• [Collected data entries]:

>>>

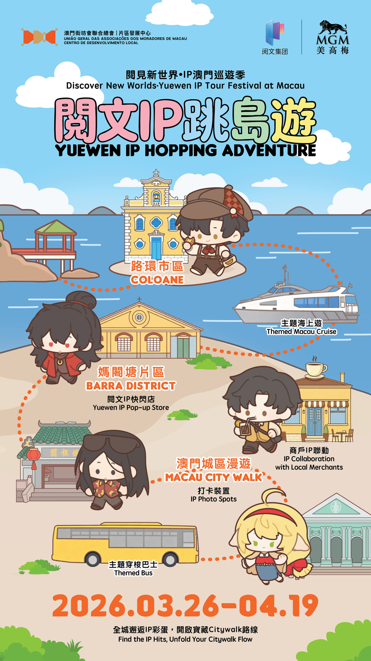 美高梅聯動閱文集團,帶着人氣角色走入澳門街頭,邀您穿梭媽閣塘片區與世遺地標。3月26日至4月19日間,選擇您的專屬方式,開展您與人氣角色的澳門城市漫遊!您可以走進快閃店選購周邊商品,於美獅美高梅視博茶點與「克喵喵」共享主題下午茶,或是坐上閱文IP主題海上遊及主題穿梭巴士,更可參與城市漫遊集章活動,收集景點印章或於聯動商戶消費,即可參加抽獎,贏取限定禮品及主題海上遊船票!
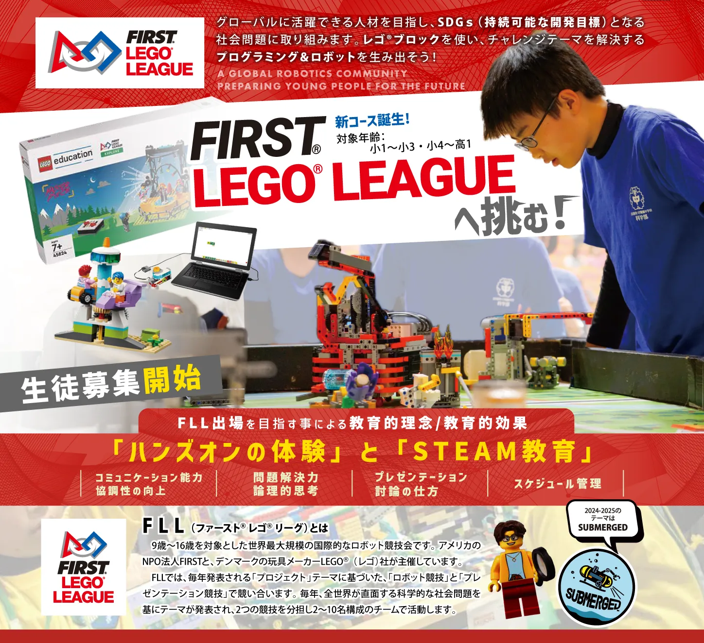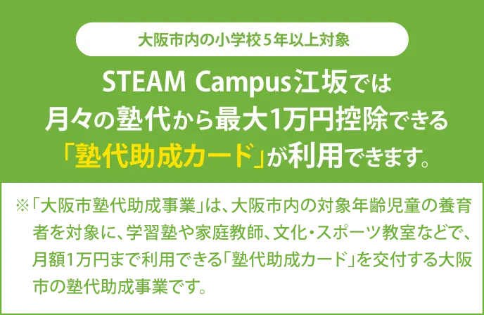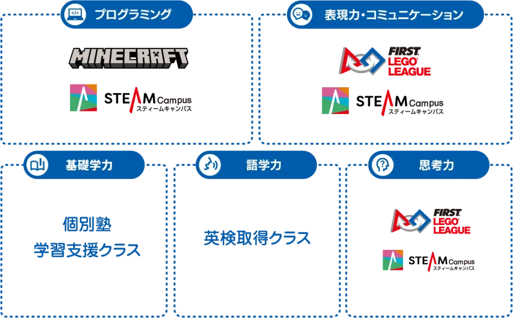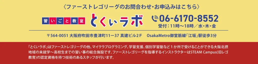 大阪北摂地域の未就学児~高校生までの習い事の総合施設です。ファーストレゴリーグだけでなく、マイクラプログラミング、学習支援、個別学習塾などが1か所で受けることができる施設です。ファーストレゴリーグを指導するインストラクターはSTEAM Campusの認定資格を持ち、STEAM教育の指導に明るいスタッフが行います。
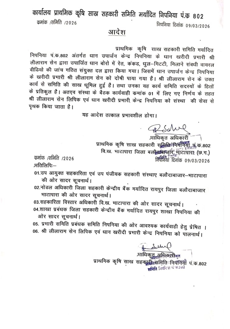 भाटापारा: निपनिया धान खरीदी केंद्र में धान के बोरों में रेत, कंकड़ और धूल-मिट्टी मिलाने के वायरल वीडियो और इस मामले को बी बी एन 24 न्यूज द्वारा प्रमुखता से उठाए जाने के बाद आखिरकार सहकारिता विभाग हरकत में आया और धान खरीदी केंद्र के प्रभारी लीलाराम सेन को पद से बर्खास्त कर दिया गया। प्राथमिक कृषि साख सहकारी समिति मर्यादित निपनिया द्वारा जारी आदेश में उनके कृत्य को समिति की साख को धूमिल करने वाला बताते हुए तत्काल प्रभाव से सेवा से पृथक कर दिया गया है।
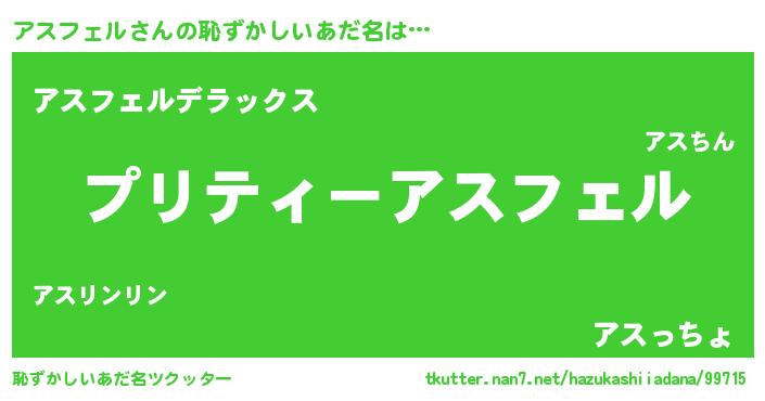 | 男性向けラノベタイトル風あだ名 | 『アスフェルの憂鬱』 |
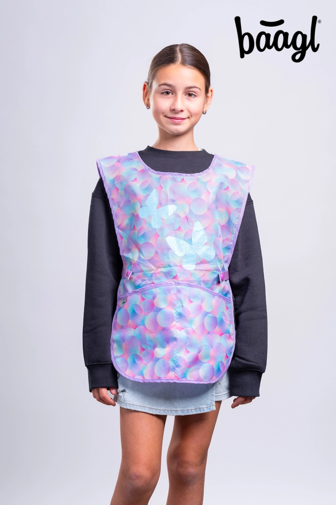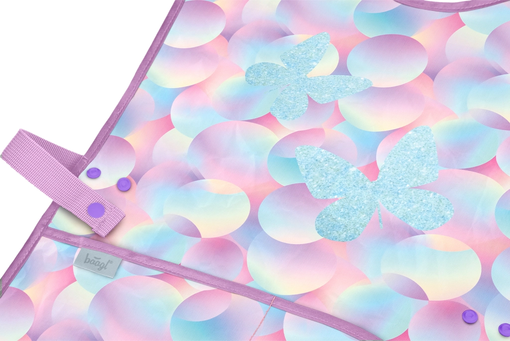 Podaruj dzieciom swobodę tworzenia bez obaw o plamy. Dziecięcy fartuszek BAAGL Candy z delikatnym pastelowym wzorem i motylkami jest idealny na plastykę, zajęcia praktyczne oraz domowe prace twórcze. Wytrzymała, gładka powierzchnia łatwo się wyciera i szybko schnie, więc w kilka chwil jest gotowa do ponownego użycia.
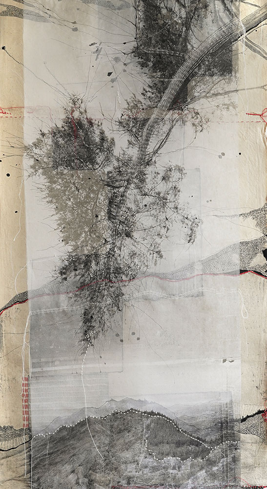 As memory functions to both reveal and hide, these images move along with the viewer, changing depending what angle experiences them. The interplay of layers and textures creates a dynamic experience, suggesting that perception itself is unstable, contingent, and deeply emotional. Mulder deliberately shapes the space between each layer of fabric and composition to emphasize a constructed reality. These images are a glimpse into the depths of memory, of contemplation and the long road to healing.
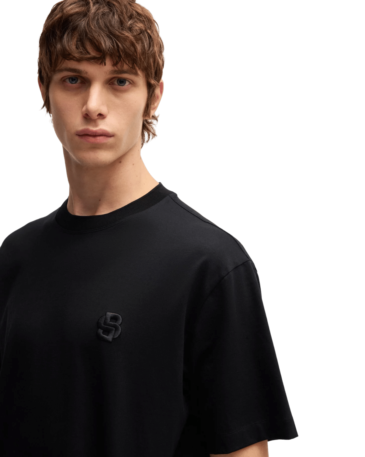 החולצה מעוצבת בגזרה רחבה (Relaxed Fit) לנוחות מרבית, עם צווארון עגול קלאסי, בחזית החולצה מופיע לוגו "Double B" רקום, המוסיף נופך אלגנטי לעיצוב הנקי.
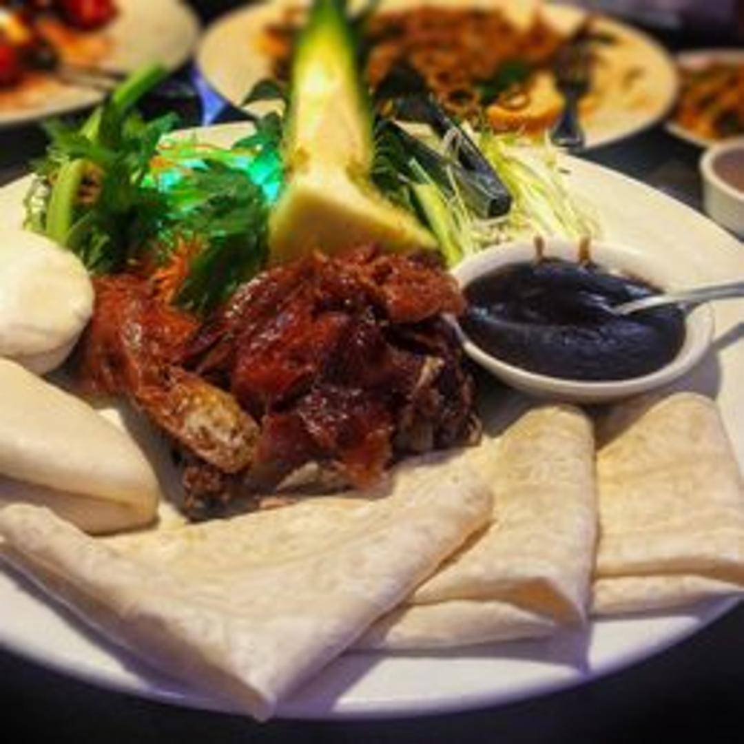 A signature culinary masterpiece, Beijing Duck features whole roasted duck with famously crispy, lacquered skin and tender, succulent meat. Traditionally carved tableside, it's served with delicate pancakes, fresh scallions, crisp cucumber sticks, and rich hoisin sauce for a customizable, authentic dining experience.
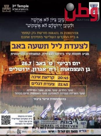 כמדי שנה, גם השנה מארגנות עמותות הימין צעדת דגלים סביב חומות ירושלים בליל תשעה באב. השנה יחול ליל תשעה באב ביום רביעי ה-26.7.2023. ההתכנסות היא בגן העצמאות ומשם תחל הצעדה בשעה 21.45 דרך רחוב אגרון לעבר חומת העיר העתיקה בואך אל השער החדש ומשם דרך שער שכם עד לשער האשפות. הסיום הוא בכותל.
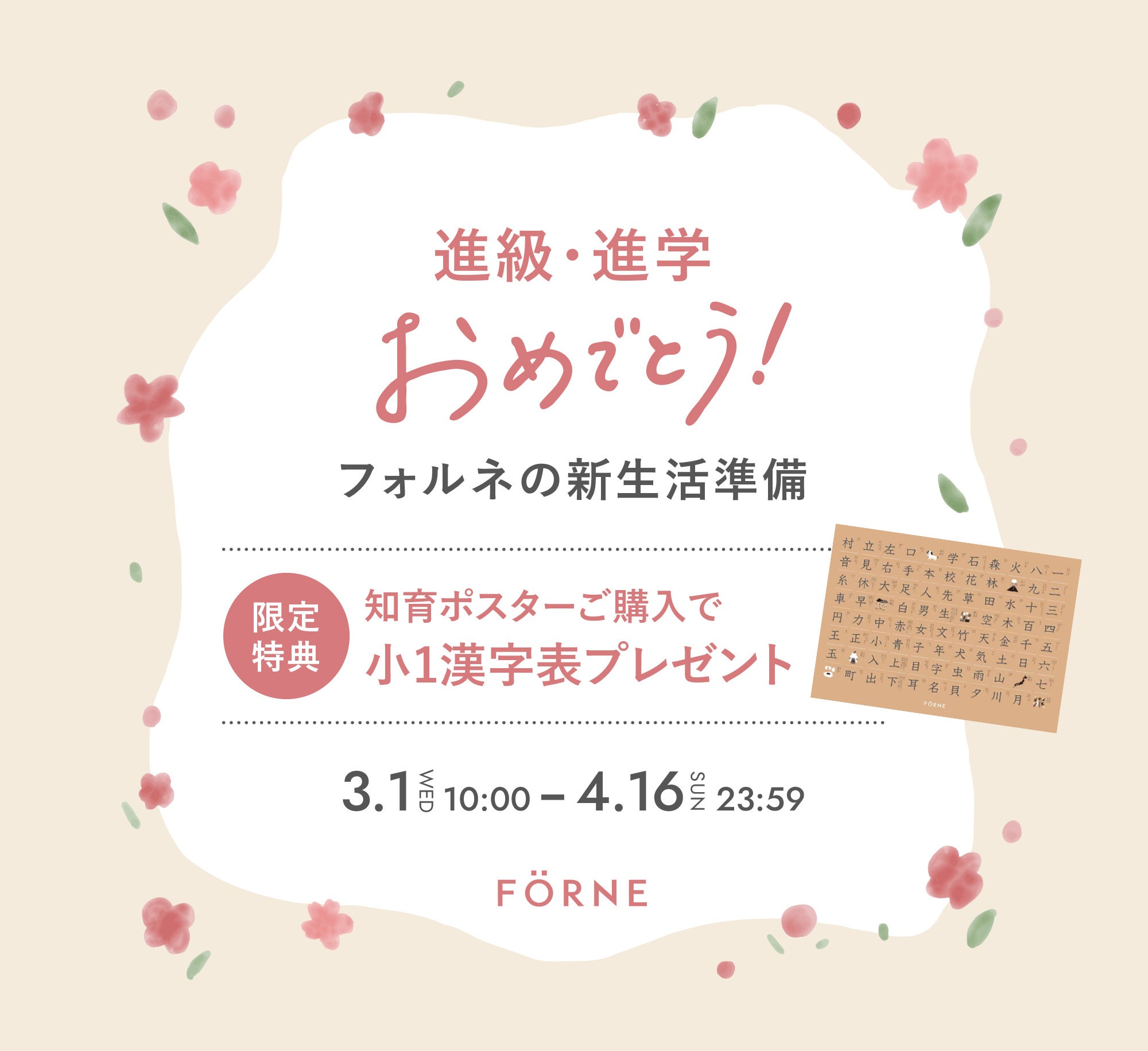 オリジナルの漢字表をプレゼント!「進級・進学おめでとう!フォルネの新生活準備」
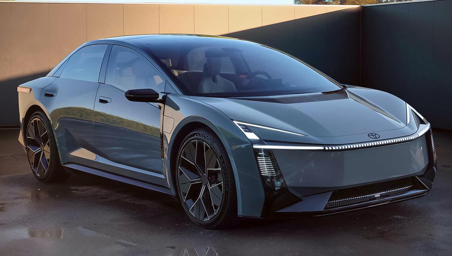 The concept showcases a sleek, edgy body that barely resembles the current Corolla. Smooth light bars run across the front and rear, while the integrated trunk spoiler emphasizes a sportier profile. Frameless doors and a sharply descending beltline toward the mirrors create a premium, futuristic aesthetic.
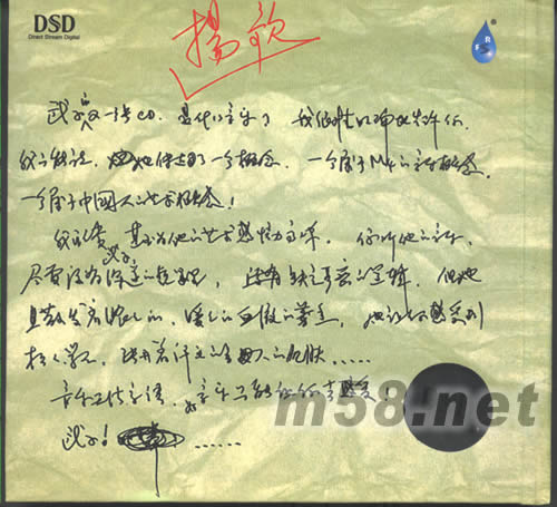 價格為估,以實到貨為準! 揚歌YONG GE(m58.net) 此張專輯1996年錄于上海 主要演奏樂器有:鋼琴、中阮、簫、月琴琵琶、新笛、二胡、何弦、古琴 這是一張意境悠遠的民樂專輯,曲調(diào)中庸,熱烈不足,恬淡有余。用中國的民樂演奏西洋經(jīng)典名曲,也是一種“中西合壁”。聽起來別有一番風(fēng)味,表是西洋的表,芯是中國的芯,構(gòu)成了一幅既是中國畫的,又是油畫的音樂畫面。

<<<

From the first line of the records through the line with "大阪北摂地域の未就学児~高校", reproduce each line exactly and leave the pictures out.

 美高梅聯動閱文集團,帶着人氣角色走入澳門街頭,邀您穿梭媽閣塘片區與世遺地標。3月26日至4月19日間,選擇您的專屬方式,開展您與人氣角色的澳門城市漫遊!您可以走進快閃店選購周邊商品,於美獅美高梅視博茶點與「克喵喵」共享主題下午茶,或是坐上閱文IP主題海上遊及主題穿梭巴士,更可參與城市漫遊集章活動,收集景點印章或於聯動商戶消費,即可參加抽獎,贏取限定禮品及主題海上遊船票!
 大阪北摂地域の未就学児~高校生までの習い事の総合施設です。ファーストレゴリーグだけでなく、マイクラプログラミング、学習支援、個別学習塾などが1か所で受けることができる施設です。ファーストレゴリーグを指導するインストラクターはSTEAM Campusの認定資格を持ち、STEAM教育の指導に明るいスタッフが行います。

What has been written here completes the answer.